Abrogé sous la pression internationale, le régime actuel sur la propriété intellectuelle bénéficie d’une période transitoire jusqu’en 2021. Le temps pour les ministères des Finances et de l’Économie de mettre en place un nouveau texte, conforme aux nouveaux standards internationaux. (Illustration: Maison Moderne)

À compter du 1er juillet, la générosité offerte par l’article 50bis de la loi de l’impôt sur le revenu n’est plus. Sous la pression internationale, le Luxembourg a donc mis un terme officiel à la déductibilité de 80% sur les revenus des brevets, des noms de domaines, des marques ou des droits d’auteur sur les logiciels. Annoncée fin 2015, la mesure est accompagnée d’une période transitoire qui s’étalera jusqu’au 30 juin 2021. À l’exception cependant des sociétés liées – à savoir les sociétés qui font partie d’un même groupe – qui verront les avantages acquis perdurer jusqu’au 31 décembre prochain.

Mais alors qu’il semblerait logique que l’abrogation d’un régime soit suivie de la mise en place d’un nouveau, le cas de figure ne se présentera pas. Du moins pas encore. «Il existe des contraintes très claires au sein des directives Beps de l’OCDE et du code de conduite de la Commission européenne qui font que le level playing field sera mis en place, mais à l’heure actuelle, nous n’en sommes nulle part pour ce nouveau régime», annonce Katia Manhaeve, présidente de l’Association internationale pour la protection de la propriété industrielle (AIPPI) Luxembourg. «D’autres pays en revanche, comme les Pays-Bas, l’Irlande ou l’Italie, annoncent déjà être en train de préparer une législation.»

Des discussions au sein des ministères des Finances et de l’Économie sont bel et bien en cours, mais la recherche d’un plan B reste d’actualité. La lettre conjointe rédigée par l’AIPPI et la Fédération des conseils en propriété industrielle destinée à exprimer leur «étonnement» a toutefois abouti à l’implication des professionnels du secteur dans les réflexions en cours. Dans une réponse parlementaire publiée en début d’année, Pierre Gramegna (DP), ministre des Finances, indiquait que ses services étaient en phase d’analyse «des différentes formes d’engagements susceptibles de promouvoir la recherche et le développement, afin de dégager quelle pourrait être une forme efficace et, le cas échéant, faisable à court terme, tout en étant conforme aux nouveaux standards internationaux».

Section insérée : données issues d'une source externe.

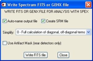 - Note that this creates a full version of the SRM and automatically names and saves the srm .fits file and the spectrum .fits file in your current working directory. There are other keywords that can be used with filewrite as well such as /namedialog to use the widget for naming output files or the files can be named explicitly using srmfile = 'xxx.fits' and specfile = 'xxx.fits'
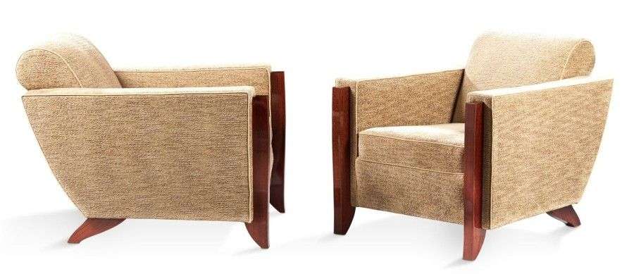 Paire de fauteuils en amarante à dossier droit renversé et accotoirs pleins reposant sur quatre pieds galbés.
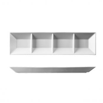 Podno obdélníkový dělený na 4 části o rozměrech 45 x 12 cm. Lze využít i pro rauty a catering.
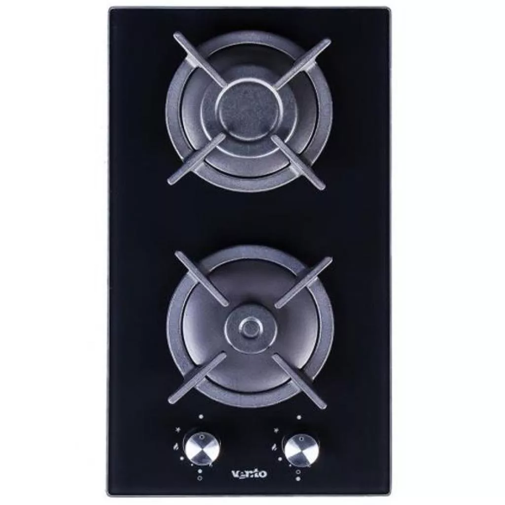 – независимая. Работает от газа. Поверхность выполнена из закаленного стекла, держатели покрыты эмалью. Имеется электроподжиг, он находится в ручке. Это существенно облегчает пользование поверхностью. Всего поверхность насчитывает в себе две конфорки: большая тройная конфорка мощностью в 3000 ватт, и средняя конфорка – 1000 ватт. Ширина варочной поверхности равна 30 сантиметрам. Цвет всей поверхности черный. Варочная поверхность удобна в использовании и уборке
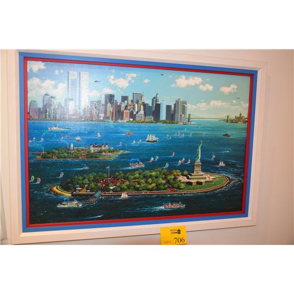 FRAMED GICLEE W/HAND EMBELLISHMENT ON CANVAS; SIGNED (38" X 27")
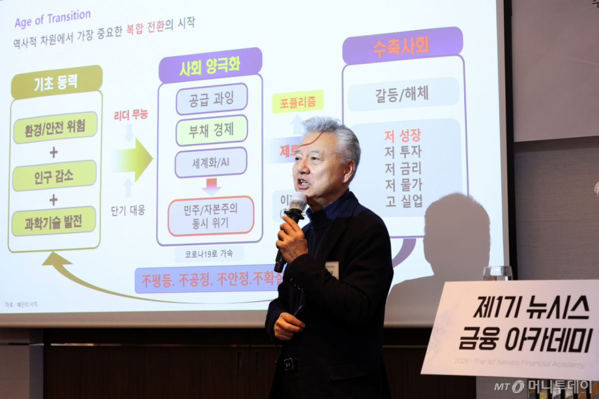 ![[서울=뉴시스] 이영환 기자 = 홍성국 전 더불어민주당 최고위원이 7일 오전 서울 중구 롯데호텔에서 열린 제1기 뉴시스 금융아카데미 8회차에서 '수축사회와 이재명 정부의 과제'를 주제로 강연을 하고 있다. 2026.01.07. 20hwan@newsis.com /사진=이영환](https://thumb.mt.co.kr/cdn-cgi/image/f=avif/21/2026/03/2026032416262110372_1.jpg)
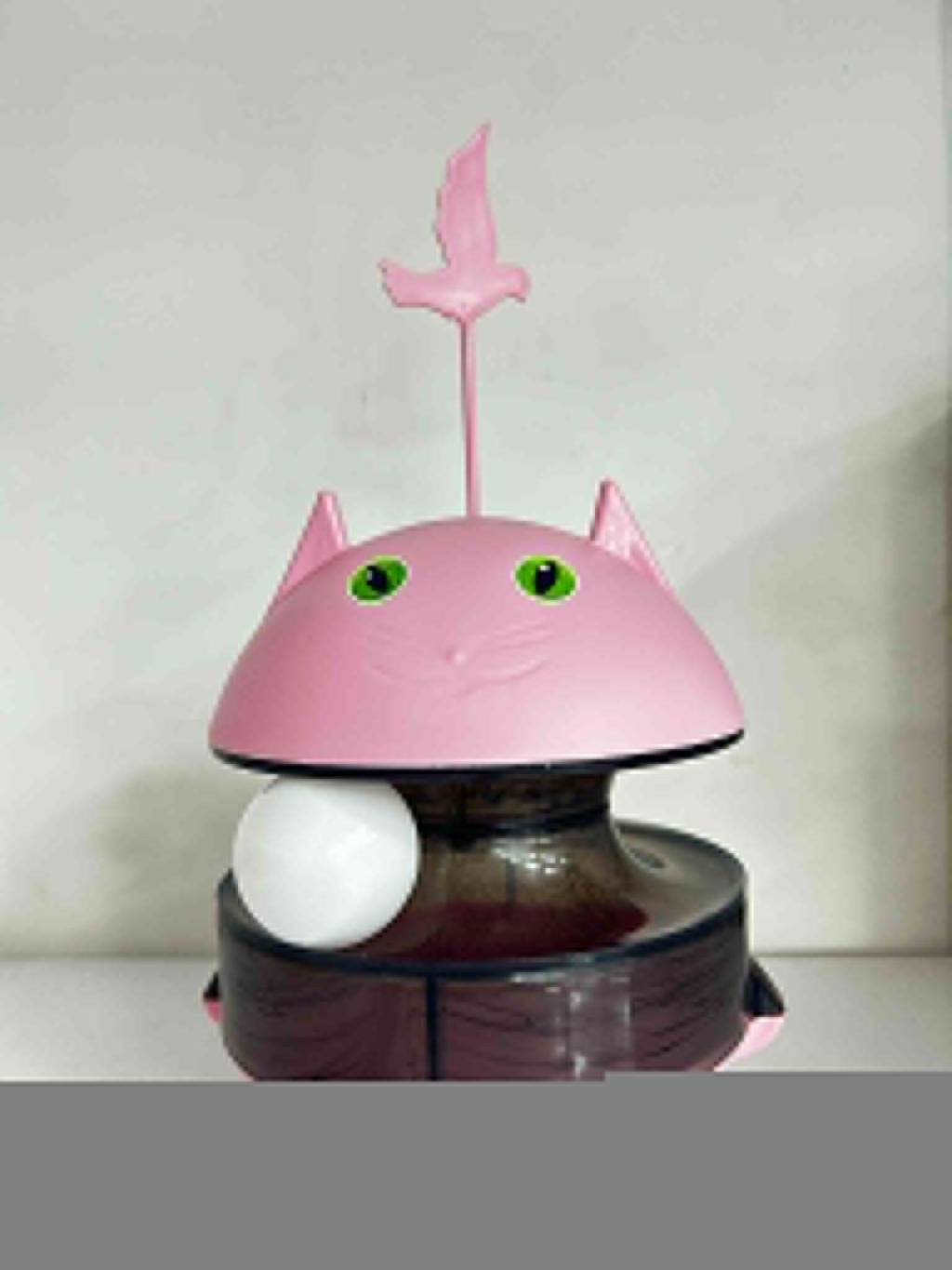 Hacıyatmaz sistemi sayesinde oyuncak devrilmez, her darbede tekrar ayağa kalkar ve mama çıkışı sağlayarak kedinizin ilgisini sürekli canlı tutar.

Assise extrêmement large de l’ancien régime

Instauré en 2007 afin de placer le pays aux premières places en termes de recherche et développement, l’article 50bis n’a pas connu le succès immédiatement. Et ce malgré son assise relativement large qui incluait notamment les dépôts de marques. «Certains fiscalistes très affûtés s’étaient posé la question de savoir si cette largesse n’était pas un peu limite par rapport aux règles internationales», se souvient Didier Lecomte, managing partner du cabinet Lecomte & Partners. «Mais le texte, bien que très favorable aux entreprises, n’était pas totalement délirant, puisqu’il prévoyait des contraintes, notamment en indiquant qu’il fallait un minimum de substance.»

Le futur régime pourrait introduire un système de certification pour officialiser le caractère innovant de certains actifs.

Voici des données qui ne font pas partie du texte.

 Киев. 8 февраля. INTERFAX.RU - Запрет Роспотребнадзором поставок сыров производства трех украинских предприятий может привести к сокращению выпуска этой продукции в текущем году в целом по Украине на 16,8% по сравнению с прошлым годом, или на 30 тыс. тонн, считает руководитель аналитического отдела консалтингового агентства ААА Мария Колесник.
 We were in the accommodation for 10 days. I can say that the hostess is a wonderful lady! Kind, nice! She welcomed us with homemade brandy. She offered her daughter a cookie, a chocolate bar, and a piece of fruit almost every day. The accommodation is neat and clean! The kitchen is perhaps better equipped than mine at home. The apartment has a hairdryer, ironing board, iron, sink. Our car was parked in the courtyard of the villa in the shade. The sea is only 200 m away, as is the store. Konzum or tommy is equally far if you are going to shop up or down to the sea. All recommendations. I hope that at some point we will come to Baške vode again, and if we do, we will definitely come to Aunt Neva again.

Katia Manhaeve, présidente de l’AIPPI

C’est pourtant ce seuil minimal, associé à l’agressivité du régime ayant exacerbé la compétition fiscale entre États, qui causera la perte de cet article. Jusqu’au 1er juillet, la législation luxembourgeoise permettait en effet aux sociétés redevables de l’impôt au Grand-Duché de générer des revenus liés aux brevets, sans réel regard sur une présence physique.

La future législation, sous l’influence des critères de l’OCDE, devrait donc renforcer le lien direct entre les activités liées à la propriété intellectuelle et le territoire luxembourgeois. Et supprimer du cadre la notion de dépôt de marque. Bien que plus contraignantes, les nouvelles règles pourraient également représenter des opportunités, à en croire plusieurs spécialistes. «Le futur régime pourrait, par exemple, introduire un système de certification pour officialiser le caractère innovant de certains actifs, aboutir à la mise en place de crédits d’impôt ou renforcer la position du pays en matière de droits d’auteur sur les logiciels», estime Katia Manhaeve, qui juge que «cette question, au-delà de l’impact purement financier, doit s’intégrer dans une stratégie globale qui doit faire du Luxembourg un pays d’innovation».